UCSC Goldenpath offers 1kb, 2kb, and 5kb upstream sequences with annotated 5'UTR for various assemblies.
For hg38, for example, via http://hgdownload.soe.ucsc.edu/goldenPath/hg38/bigZips/:
upstream1000.fa.gz - Sequences 1000 bases upstream of annotated
transcription starts of RefSeq genes with annotated 5' UTRs.
This file is updated regularly. It might be slightly out of sync with
the RefSeq data shown on the browser, as is it updated daily for most assemblies.
upstream2000.fa.gz - Same as upstream1000, but 2000 bases.
upstream5000.fa.gz - Same as upstream1000, but 5000 bases.

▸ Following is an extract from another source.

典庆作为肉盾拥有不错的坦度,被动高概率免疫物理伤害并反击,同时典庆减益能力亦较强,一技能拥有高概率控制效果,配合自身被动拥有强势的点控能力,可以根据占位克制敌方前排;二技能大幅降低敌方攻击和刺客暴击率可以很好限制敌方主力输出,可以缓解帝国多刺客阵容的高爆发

For example, to download and expand the
upstream1000.fa.gz file for hg38:
$ wget -qO- "http://hgdownload.soe.ucsc.edu/goldenPath/hg38/bigZips/upstream1000.fa.gz" | gunzip -c > upstream1000.fa
Once you have selected sequences for your assembly, and you have a transcription factor PWM database in hand (Transfac, Jaspar, etc.) you could use FIMO to search for putative binding sites within the sequences.

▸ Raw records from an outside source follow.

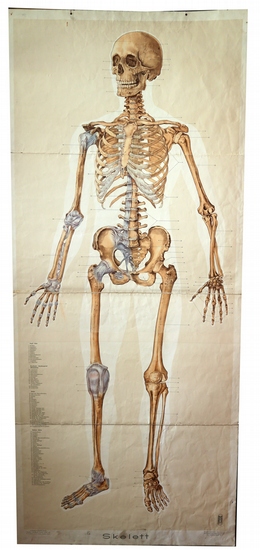 Skelett. Köln, Deutsches Gesundheitsmuseum u.a. ca. 191 x 83 cm. Farbige Illustration. Aus der Reihe: Biologisch-hygienisches Unterrichtswerk des Deutschen Gesundheits-Museums Köln, I., der menschliche Körpe Schulwandbild mit anatomischer Darstellung in Lebensgröße, auf kräftigem Papier, rückseits mit Leinenstreifen umrandet, in vier Teilen aufmontiert. Am oberen Rand mit zwei Ösen sowie rückseits mit Teilen einer kleinen Holzleiste. Etwas knitterfaltig, an den Falzstellen mit kleinen Abreibungen bzw. kleinen Einrissen. Legende mit 82 Bezeichnungen, die linke Körperhälfte mit Bändern und Sehnen. Beeindruckende, lebensgroße Darstellung des menschlichen Skeletts. Wird als Sperrgut versandt, daher die erhöhten Portokosten. Versand nur innerhalb Deutschlands und der EU möglich.
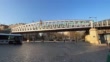 A wide camera shot of a train moving along a subway bridge above a street in Paris, France
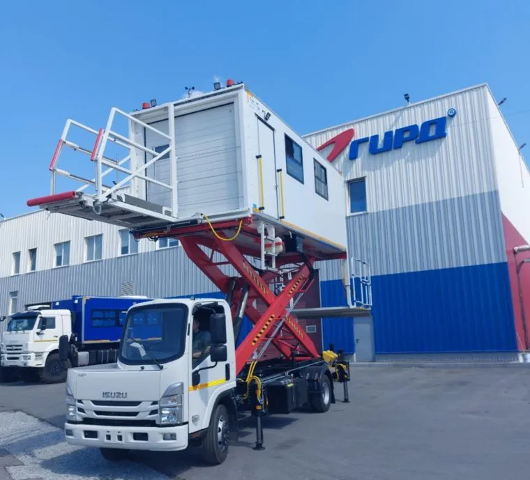 «Для аэропортов республики Коми изготовили и отгрузили два амбулифта на шасси Isuzu. Автомобиль имеет совмещенную конструкцию и может использоваться по двойному назначению», — отметили URA.RU на заводе.

On the Bioinformatics SE, I posted a walkthrough the commands to use to run FIMO with a JASPAR TF database and sequences-of-interest, at a typical threshold of sensitivity:
Another toolkit you might see mentioned is HOMER, but this is for de novo motif discovery, i.e., you are looking for new or unpublished motifs.
One difference between HOMER and FIMO is that FIMO would be used for discovery of published or known motifs, for which there are existing, experimentally validated PWM databases. The functionality of HOMER would perhaps be closer to the MEME tool, which is part of the larger toolkit that FIMO is in. Like HOMER, MEME would be used for finding novel motifs.